One of my test systems sent me a few hundred emails between 2:38 and 7:45am JST. Just a test server so it didn't go to my phone and I noticed the problem around 7:30am. No paying clients were affected.

I dived straight in and found my Rackspace UK box couldn't find api.qqtrend.com. But DNS lookup worked for me. Other DNS was  working on the Rackspace box. I also found it couldn't ping the DNS server (at GoDaddy). But I could from my office LAN. And I also could from a U.S. server.

Conclusion (totally wrong - see below): Rackspace UK data centre had issues.

So I logged in to Rackspace, to check for alerts, and post a support ticket. There was a mention, phrased very vaguely, saying "someone else" has DNS problems. Hhmmm. By this time I could ping the GoDaddy server, but DNS lookup still failed. Uncertain I pinged around a bit more, and by that time DNS had started working.

I.e. The underlying problem had already been fixed, it was just taking time to spread through the internet, and I could have "fixed it" with no effort by just staying in bed 15 minutes longer. Oh well.

Anyway, it turns out it was a sociopath attacking GoDaddy: http://www.bbc.co.uk/news/business-19549367


Here are his reasons:
    "i'm taking godaddy down bacause well i'd like to test how the cyber security is safe and for more reasons that i can not talk now." (sic)

OK, English may not be his first language. But even allowing for that, he is not coming across as an upstanding member of society. Not protesting, no cause, just wanting to see if he had the skills to annoy a lot of people. This is a guy (gal?) who badly needs a girlfriend/boyfriend. If you know him, introduce him to someone. Please.

I know GoDaddy had a big PR screw-up by initially supporting SOPA, but they had the courage and sense to listen to people and change their position. Still a good company in my mind.

But, the silver lining is it nicely illustrated we (QQ Trend) have a Single Point Of Failure, at the DNS and registrar level, that had been overlooked. We'd previously got server1 and server2 as the two endpoints. We have them in different continents, and different cloud providers (no secret: Amazon and Rackspace). And I thought that was solidity to boast about. I was about to add server3 in a third continent as an option for customers who really, really need 100% uptime.

But what today's problem reveals is that if all three servers are on the same domain: server1.example.com, server2.example.com, server3.example.com, then we have a potential issue with DNS, and even with the registrar.
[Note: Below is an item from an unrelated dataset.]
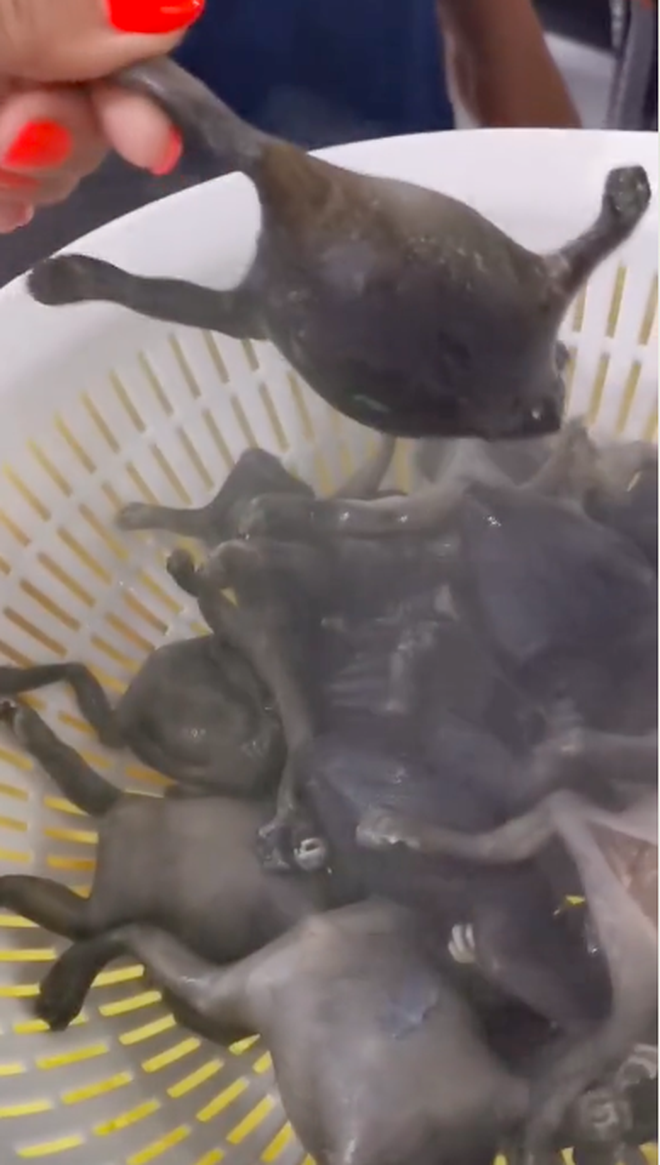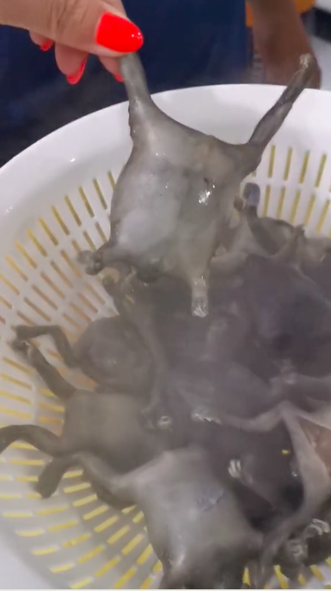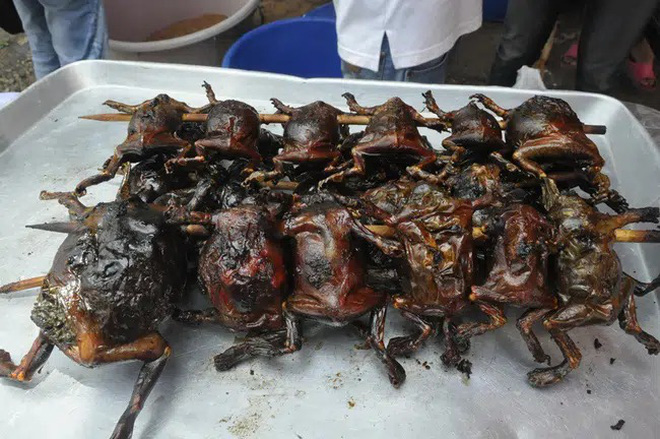 Như mới đây, một đoạn clip ghi lại cảnh một người đang ăn một món ăn nhìn khá là kỳ dị. Cụ thể, có thể thấy cảnh một người cầm trên tay cả rổ đựng thịt của con gì đó còn bốc khói nóng hổi. Nhìn kỹ thì thấy loài vật này có 4 chân, phần bụng phình khá to.

I think we need an alternative domain, at a completely different registrar, with DNS at an independent ISP. Then at the script level we add that in as one of the failover endpoints. They'll point to same three servers.

For instance, however big Amazon or GoDaddy (or any infrastructure provider) get, however many data centres they have around the world, they are still open to attacks, politics and human error inside their organization. We're service providers building on top of their infrastructure. It is our job to accept their limitations and do something about it.



1 comment:

darren said...

GoDaddy sent an apology, which I thought was good. PR trick? Of course, but it is amazing how many companies don't apologize (a sign of trouble at the top, and/or of lawyers instilling debilitating fear into management).

What I was particularly impressed with was they didn't blame the outage on attackers, or events beyond their control; instead they took responsibility: "The service outage was due to a series of internal network events that corrupted router data tables. Once the issues were identified, we took corrective actions..."

Again, I take that as a sign of quality at the top.